WHAT IS EXPECTED.
What you output must be the exact lines from the first line of the data through the one holding "Keywords have been", with no pictures.

GIVEN DATA.

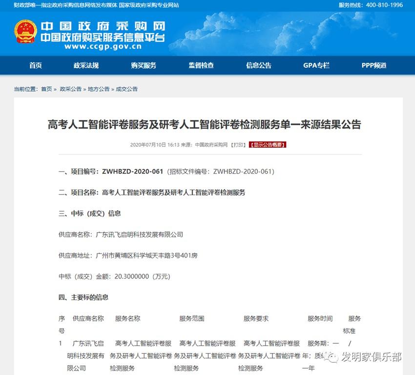 讯飞子公司——讯飞启明中标湖北省教育考试院人工智能阅卷项目 | 来源:中国政府采购网[15]
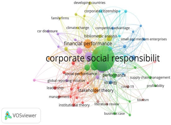 Keywords have been used to summarize the content of the publications and as a pointer to the hotspots and topics in specific fields [98,99]. From Figure 10, the analysis shows that the most used keyword was “corporate social responsibility”, although there were other emerging ones such as “financial performance”, “social performance”, “performance”, “leadership” and “stakeholder theory”. These keywords include “developing countries”, “climate change”, “CSR disclosure”, “tourism”, “business case”, “small and medium enterprises” and “profitability”. These less popular keywords suggest areas that authors have not explored much and which signal possible research gaps and new directions.
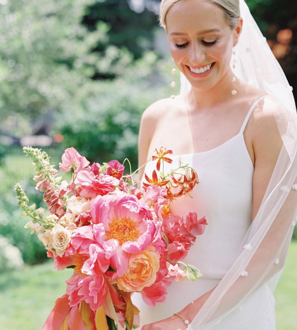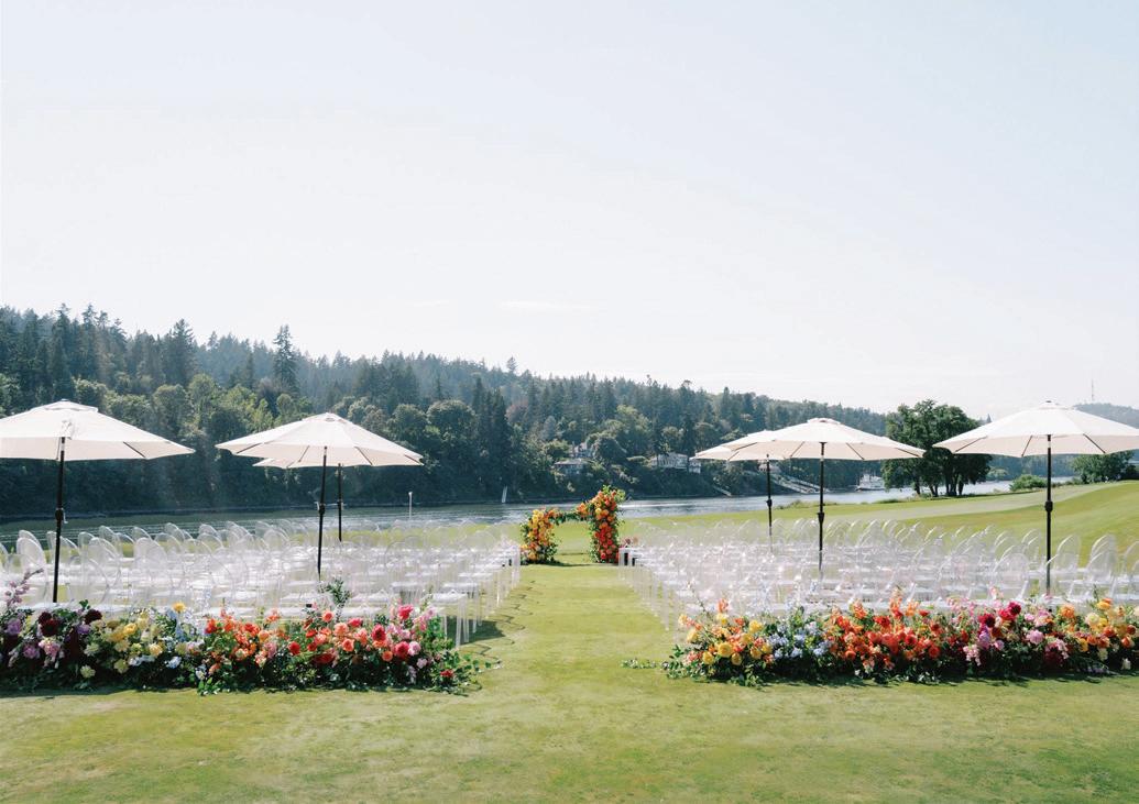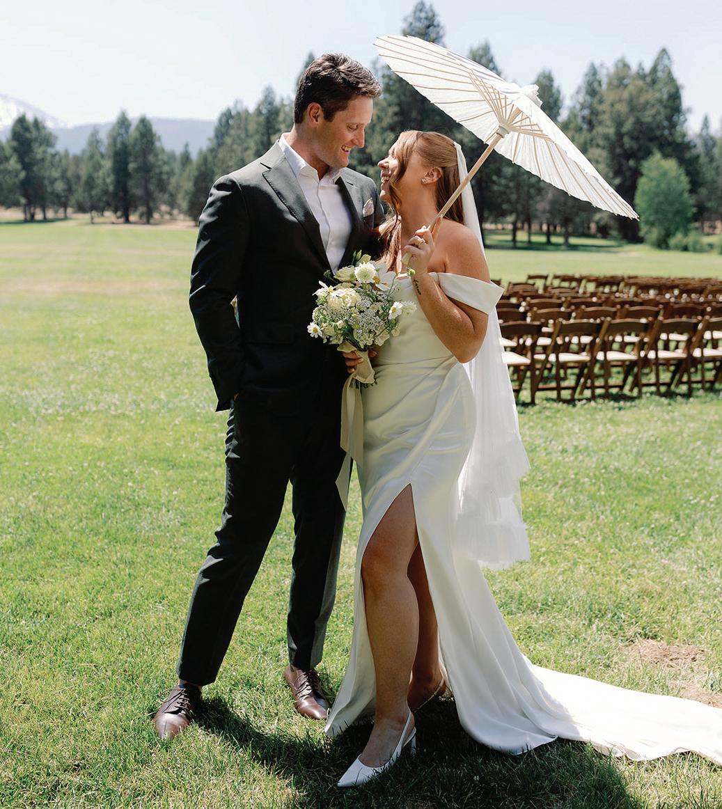 Whitney and Mitchell enjoy boating on the Willamette River in the summer months, so they knew that Waverley Country Club would be a perfect spot for their dream wedding amid blue skies, 360-degree views and boats cruising the river in the background. Their celebration was full of thoughtful details and touches from start to finish. Throughout their relationship, Mitchell has always surprised Whitney with flowers. To recall a similar feeling, Mitchell handed Whitney her bouquet during their first look on their wedding day—a sentimental, sweet moment. The groom even had a “first look” with his mom and sisters. Whitney described her floral vision as “wildflowers that met elegance,” which bounded in bright colors and textures against the verdure of the property. Wildflowers continued to a stunning cake meadow holding a classic all-white confection from Papa Haydn, a place the family would always buy special occasion cakes. When it came to the reception, the couple sought to create an unforgettable alfresco dining moment for their guests that captured the slow, easy pace of summer when you’re surrounded by loved ones with nowhere else to be. Looking back on the day, Whitney wouldn’t change a thing: “There really is no moment like walking down the aisle to marry the love of your life,” she says. “Let yourself truly be all in at that moment! You will realize nothing in the world matters other than all the love between the two of you and the support of your friends and family for your lifetime together. We would redo this day, in the same way, in a heartbeat.” —Chelsea Gibson
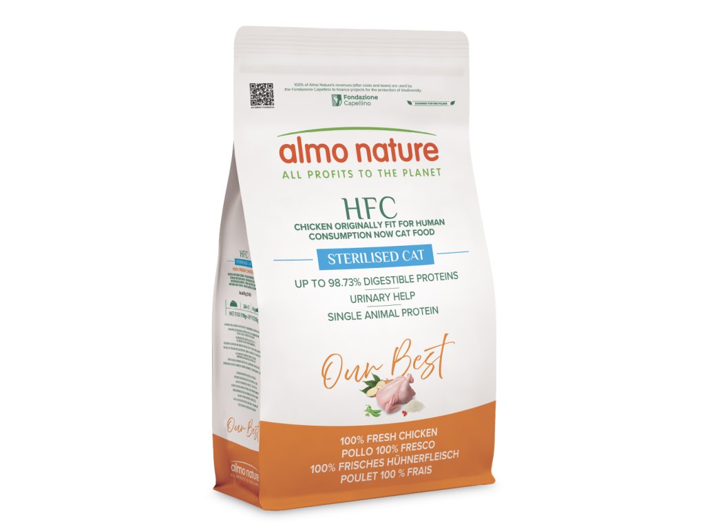 Všetky suroviny a čerstvé mäso je teda predurčené na ľudskú konzumáciu a teraz sa používa i pre štvornohých priateľov. HFC adult sterilized je vhodná pre dospelé ,ale i pre sterilizované mačky s protektivnou natural ochranou, urinary ciest. Almo Nature odporúča striedať ryby, červené a biele mäso, mokré a suché jedlá (granulky ) v orientačnom pomere 60%, respektíve 40%.

ANSWER SECTION.
 讯飞子公司——讯飞启明中标湖北省教育考试院人工智能阅卷项目 | 来源:中国政府采购网[15]
 Keywords have been used to summarize the content of the publications and as a pointer to the hotspots and topics in specific fields [98,99]. From Figure 10, the analysis shows that the most used keyword was “corporate social responsibility”, although there were other emerging ones such as “financial performance”, “social performance”, “performance”, “leadership” and “stakeholder theory”. These keywords include “developing countries”, “climate change”, “CSR disclosure”, “tourism”, “business case”, “small and medium enterprises” and “profitability”. These less popular keywords suggest areas that authors have not explored much and which signal possible research gaps and new directions.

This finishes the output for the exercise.